Create an array with a given size
Write some data into the fields
Read/iterate it a million times (to push it into CPU cache)
Clone it once into a new array
Clone the new array into a new array and use the new one for the next time a given amount of times
Additionally, after each of these steps the array is iterated three times and the needed time is measured for each iteration. Here is the code:
private static long[] read(byte[] array, int count, boolean logTimes) {
long[] times = null;
if (logTimes) {
times = new long[count];
}
int sum = 0;
for (int n = 0; n < count; n++) {
long start = System.nanoTime();
for (int i = 0; i < array.length; i++) {
sum += array[i];
}
if (logTimes) {
long time = System.nanoTime() - start;
times[n] = time;
}
}
System.out.println(sum);
return times;
}
public static void main(String[] args) {
int arraySize = Integer.parseInt(args[0]);
int clones = Integer.parseInt(args[1]);
byte[] array = new byte[arraySize];
long[] initialReadTimes = read(array, 3, true);
// Fill with some non-zero content
for (int i = 0; i < array.length; i++) {
array[i] = (byte) i;
}
long[] afterWriteTimes = read(array, 3, true);
// Make this array important, so it lands in CPU Cache
read(array, 1_000_000, false);
long[] afterReadTimes = read(array, 3, true);
long[] afterFirstCloneReadTimes = null;
byte[] copy = new byte[array.length];
System.arraycopy(array, 0, copy, 0, array.length);
for (int i = 1; i <= clones; i++) {
byte[] copy2 = new byte[copy.length];
System.arraycopy(copy, 0, copy2, 0, copy.length);
copy = copy2;
if (i == 1) {
afterFirstCloneReadTimes = read(array, 3, true);
}
}
long[] afterAllClonesReadTimes = read(array, 3, true);
// Write to CSV
...
System.out.println("Finished.");
}
We ran this benchmark with arraysize=10,000 and clones=10,000,000 on a 2nd gen i5 with 16 GB RAM:
There was quite a lot of variation though, the 2nd and 3rd runs had different times sometimes or there were peaks in the 2nd and 3rd run of the last reading benchmark.
These results seem pretty confusing. I think that this could show that upon array initialization, it is not immediately loaded into CPU cache, because the initial read times are relatively high. After writing nothing seems to have changed. Only after iterating a lot the access times become faster, while the first run is always slower (because of the measuring overhead that runs between the readings?). Also cloning/filling memory with new arrays does not seem to have an impact at all.
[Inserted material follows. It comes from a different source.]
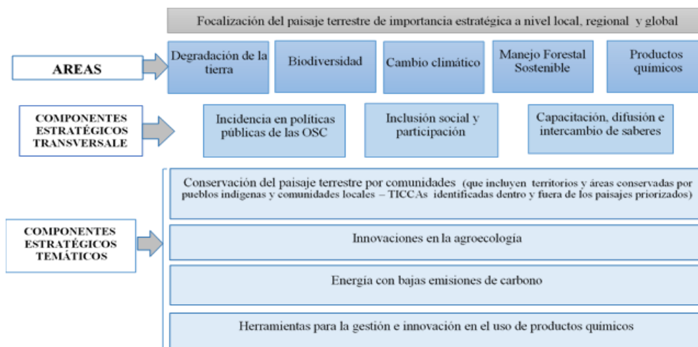
Figura 1. Diagrama de síntesis de la Estrategia Nacional PPD/OP6

Se brindará prioridad a aquellos proyectos que tengan componentes de incidencias en políticas públicas; inclusión social y participación ciudadana; y capacitación, difusión e intercambio de saberes. Por su parte, el 30% restante de los fondos CORE y STAR estará destinado a dar prioridad a aquellos proyectos que no estén dentro de los paisajes y que respondan a los criterios priorizados en la Estrategia PPD/OP6. En cuanto a la iniciativa GIS, los fondos podrán ser otorgados dentro o fuera de estos paisajes priorizados, sin considerar un porcentaje establecido como límite, siempre y cuando cumplan con los criterios establecidos para los TICCA 12 .

Could anyone explain these results?
We assumed that some of this might stem from java specific memory management, so we tried to reimplement the benchmark in C++:
void read(unsigned char array[], int length, int count, std::vector<long int> & logTimes) {
for (int c = 0; c < count; c++) {
int sum = 0;
std::chrono::high_resolution_clock::time_point t1;
if (count <= 3) {
t1 = std::chrono::high_resolution_clock::now();
}
for (int i = 0; i < length; i++) {
sum += array[i];
}
if (count <= 3) {
std::chrono::high_resolution_clock::time_point t2 = std::chrono::high_resolution_clock::now();
long int duration = std::chrono::duration_cast<std::chrono::nanoseconds>(t2 - t1).count();
std::cout << duration << " ns\n";
logTimes.push_back(duration);
}
}
}
int main(int argc, char ** args)
{
int ARRAYSIZE = 10000;
int CLONES = 10000000;
std::vector<long int> initialTimes, afterWritingTimes, afterReadTimes, afterFirstCloneTimes, afterCloneTimes, null;
unsigned char array[ARRAYSIZE];
read(array, ARRAYSIZE, 3, initialTimes);
for (long long i = 0; i < ARRAYSIZE; i++) {
array[i] = i;
}
std::cout << "Reads after writing:\n";
read(array, ARRAYSIZE, 3, afterWritingTimes);
read(array, ARRAYSIZE, 1000000, null);
std::cout << "Reads after 1M Reads:\n";
read(array, ARRAYSIZE, 3, afterReadTimes);
unsigned char copy[ARRAYSIZE];
unsigned char * ptr_copy = copy;
std::memcpy(ptr_copy, array, ARRAYSIZE);
for (long long i = 0; i < CLONES; i++) {
unsigned char copy2[ARRAYSIZE];
std::memcpy(copy2, ptr_copy, ARRAYSIZE);
ptr_copy = copy2;
if (i == 0) {
read(array, ARRAYSIZE, 3, afterFirstCloneTimes);
}
}
std::cout << "Reads after cloning:\n";
read(array, ARRAYSIZE, 3, afterCloneTimes);
writeTimesToCSV(initialTimes, afterWritingTimes, afterReadTimes, afterFirstCloneTimes, afterCloneTimes);
std::cout << "Finished.\n";
}
Using the same parameters, we got the following results:
So in C++ the times are rather similar to each other, with some strange peaks in the 2nd run. This seems to show that above faster timings were caused by java optimizations (or rather suboptimal handling in the first readings). Does this mean that the CPU cache is not involved at all?

Related

How to reduce the number of iterations in a program where number of elements in the test case is very large?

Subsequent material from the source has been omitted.